The Insurance Council of Texas (ICT) has joined with the Grand Prairie Police Department in a crime prevention campaign aimed at preventing auto thefts and auto burglaries. The program involves the funding and distribution of signs that read, “LOCK your car, TAKE your keys and HIDE your belongings.”
Grand Prairie Chief of Police Steve Dye said the crime prevention program will make a difference in his city.
“The Lock, Take and Hide program is a proactive community policing opportunity to partner with the public in helping to educate them on how to better secure their vehicles when parked and unattended,” Chief Dye said. “By working together with our community members toward reducing suitable targets for criminal offenses, we are confident the occurrences of crime will decrease and make our community even safer.”
In Texas, 68,000 vehicles are stolen and more than 250,000 vehicles are burglarized each year. It is also estimated that half of the vehicles stolen had the drivers’ keys left in the ignition and/or unlocked doors.
Chief Dye said the signs will be placed in large public and private parking areas such as shopping malls, city parks, restaurants, apartment complexes and other areas where there is parking congestion.
Insurance Council of Texas (ICT) spokesman Mark Hanna said law enforcement officials welcome deterrents for criminals as well as good advice for drivers. “Police departments and several Automobile Burglary and Theft Prevention Authority programs all over Texas have turned to ICT requesting these signs,” said Hanna. “The signs offer a simple message and best of all, they’ve proven successful in reducing crime.”
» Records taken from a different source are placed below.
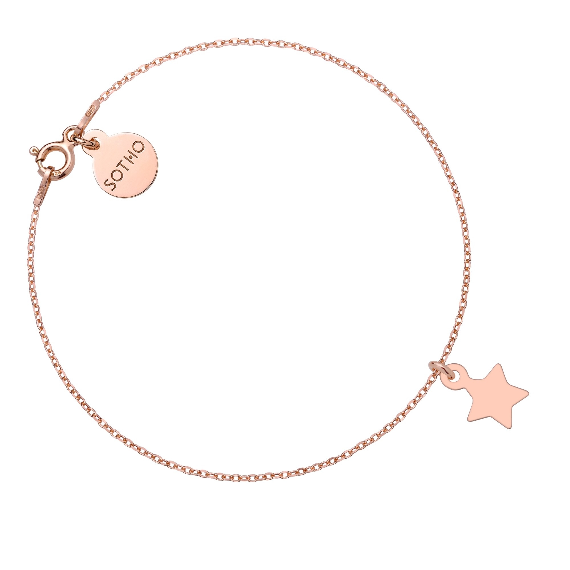 Złota bransoletka łańcuszkowa zdobiona gwiazdką i zawieszką z logo marki. Całość wykonana ze srebra 925 powlekanego 24 karatowym różowym złotem.
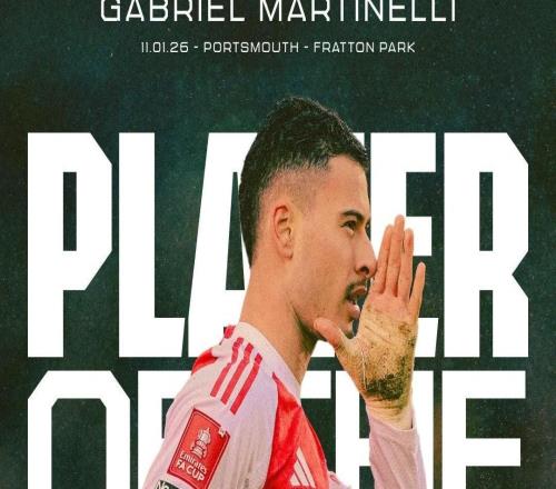 恭喜,枪手生涯首次戴帽的马丁内利当选阿森纳队内最佳 -
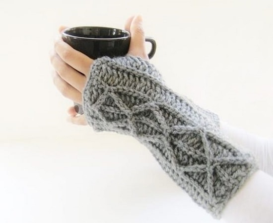This glove has a pale pink-hued yarn that is giving off feminine flare. Crochet this wrist-warmer using ss, dc, and ch stitches by taking a guide from‚ this DIY.
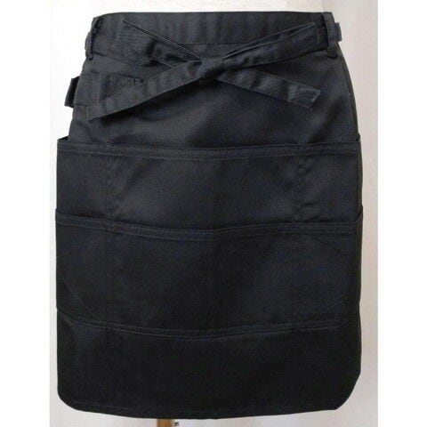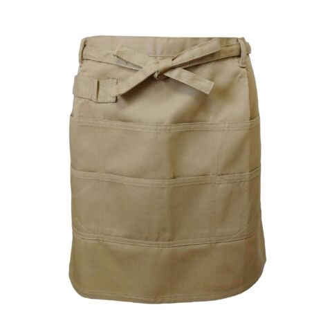 ◆エプロンのフロントには仕切りタイプのオープンポケットが6つに、ペン挿しも3つ配置。
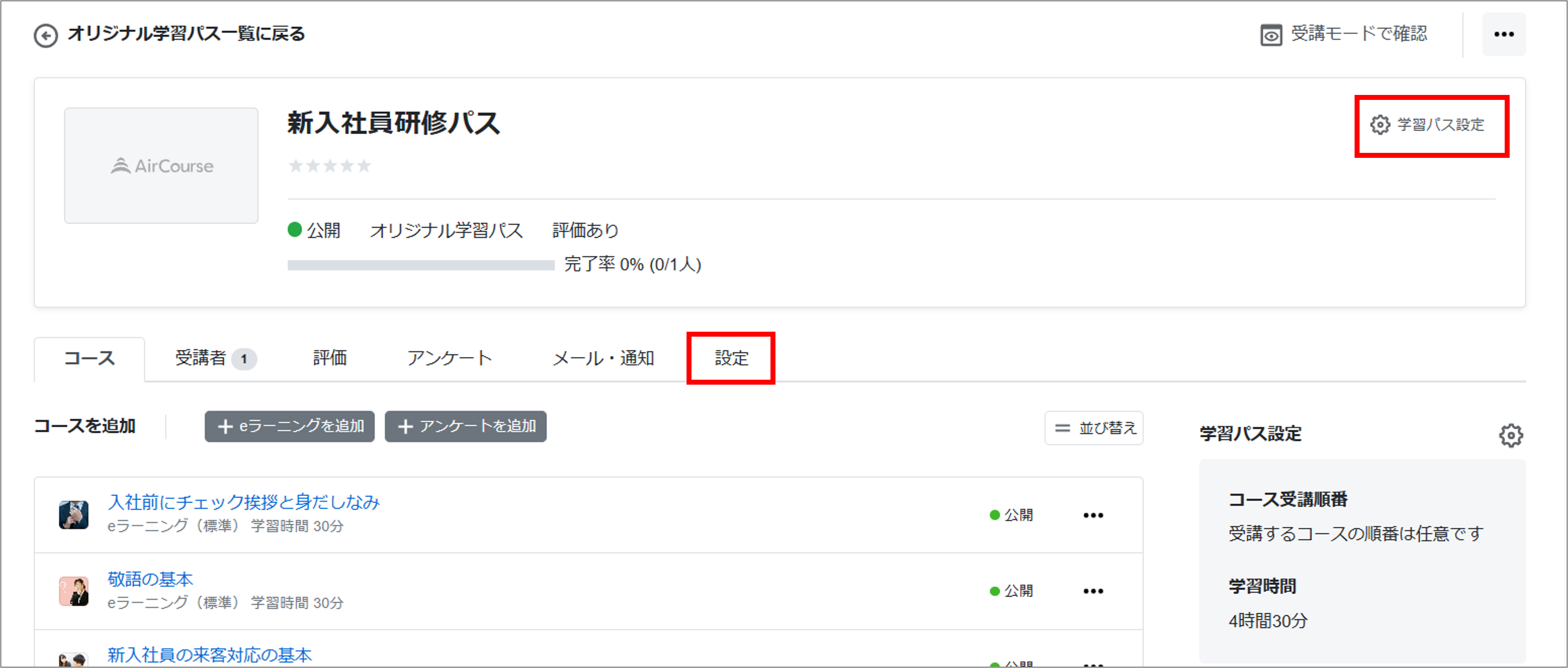 学習パス設定では「受講期間」や「受講設定」、「学習時間(分)」の設定ができます。「学習パス設定」または「設定」タブをクリックします。
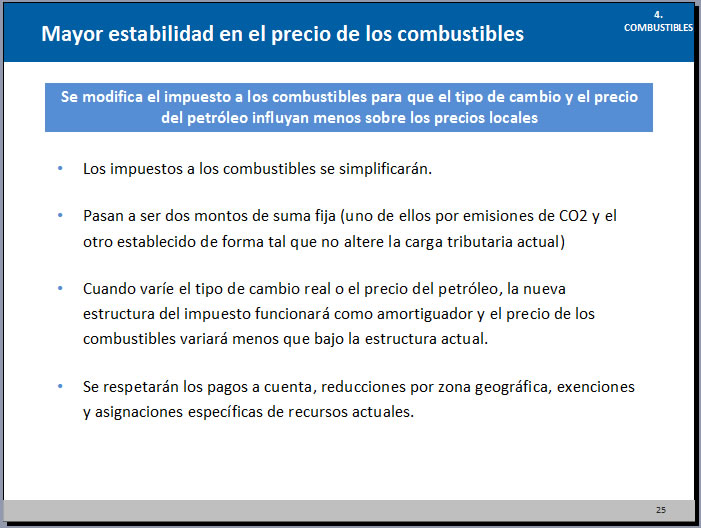 La iniciativa tiene un apartado especial para el impuesto a los combustibles que hoy grava más del 45 por ciento de su valor en el surtidor. Al respecto, el funcionario afirmó que “con la reforma reforzamos nuestro compromiso con el cuidado del medioambiente. Proponemos la modificación del impuesto a los combustibles para que este dependa de la cantidad de dióxido de carbono emitido. El impuesto afectará al principio a los líquidos y de 2020 en adelante se aplicará también sobre gas natural, GLP y carbón”.

ICT initially started the crime prevention program in Austin on March 2, 2005, and has since begun similar programs in Round Rock, Garland, Mesquite, Frisco, Celina, Del Rio, Houston, Laredo, Brownsville, Highland Village, Beaumont, Galveston, El Paso, College Station, Travis County, Lubbock, and Waco.
The Insurance Council of Texas is the largest state insurance trade association in the country consisting of 500 property and casualty insurers writing business in Texas.